Devant l’écart grandissant qui les séparait, les prunelles de Feng Jiu étincelèrent et un sourire aux lèvres naquit discrètement. De là venait donc sa facilité à accepter qu’elle le suive. En réalité, son plan était-il simplement de la semer en cours de route ?

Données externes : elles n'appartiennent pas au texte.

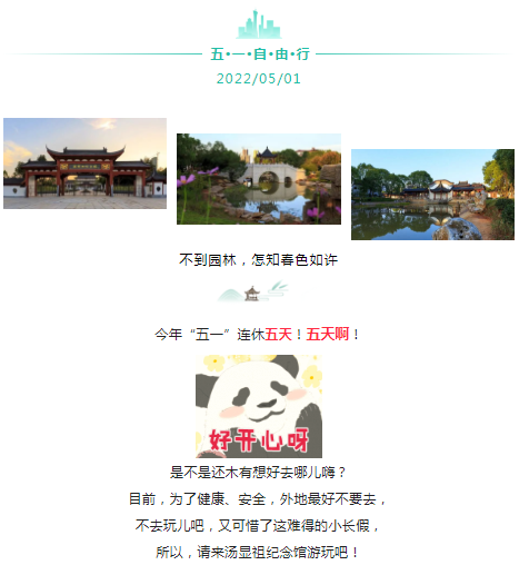 公告 | 抚州市汤显祖纪念馆2022年劳动节假期开放安排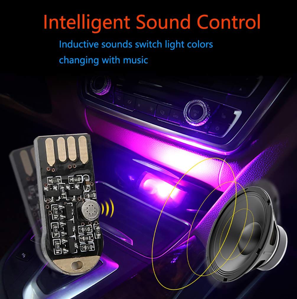 2 Pack Portable Usb Car Intelligent Sound Control Interior Atmosphere Lamp Night Light Led Decoration Light For Automotive Decorative Lighting

Heureusement pour elle, il s’était lourdement trompé. Il était absolument impossible qu’elle ne puisse pas conserver le même pas ! Pourvu qu’elle atteigne les portes de la Cité de Da Lang, elle devait demeurer à ses côtés. Cet homme possédait une origine trop prestigieuse pour être ordinaire ; en suivant ses traces, les sentinelles n’oseraient sûrement pas interférer.
« Beau-frère ! Attends-moi, je ne peux pas suivre ! Beau-frère… » Elle trotta derrière lui, assez lentement, mais dès qu’elle remarqua qu’il fonçait droit vers les portes citadines, un souffle de joie lui gonfla la poitrine et elle pressa le pas pour le rejoindre.
Le pas de Ling Mo Han vacilla, et il reporta brièvement son regard en arrière. Il aperçut la petite main écorchée du mendiant qui tirait nerveusement sur une manche de sa robe. D’un mouvement sec du poignet, il chassa cette main envahissante et reprit son chemin, allongeant désormais ses enjambées.
« Beau-frère ! Beau-frère, ne te fâche pas contre moi, je promets de ne plus toucher à ta robe dorénavant… Beau-frère ! »
Tandis qu’elle avançait d’un pas léger en lançant ces appels plaintifs, elle remarqua du coin de l’œil que les sentinelles postées aux portes citadines se raidissaient brusquement en reconnaissant l’homme qui précédait la fillette, abaissant aussitôt la tête en signe de déférence. Celles qui s’avançaient jusque-là droit sur elle gelèrent net sur place en l’entendant nommer cet homme « beau-frère », leur mine perplexe étudiant discrètement la paire.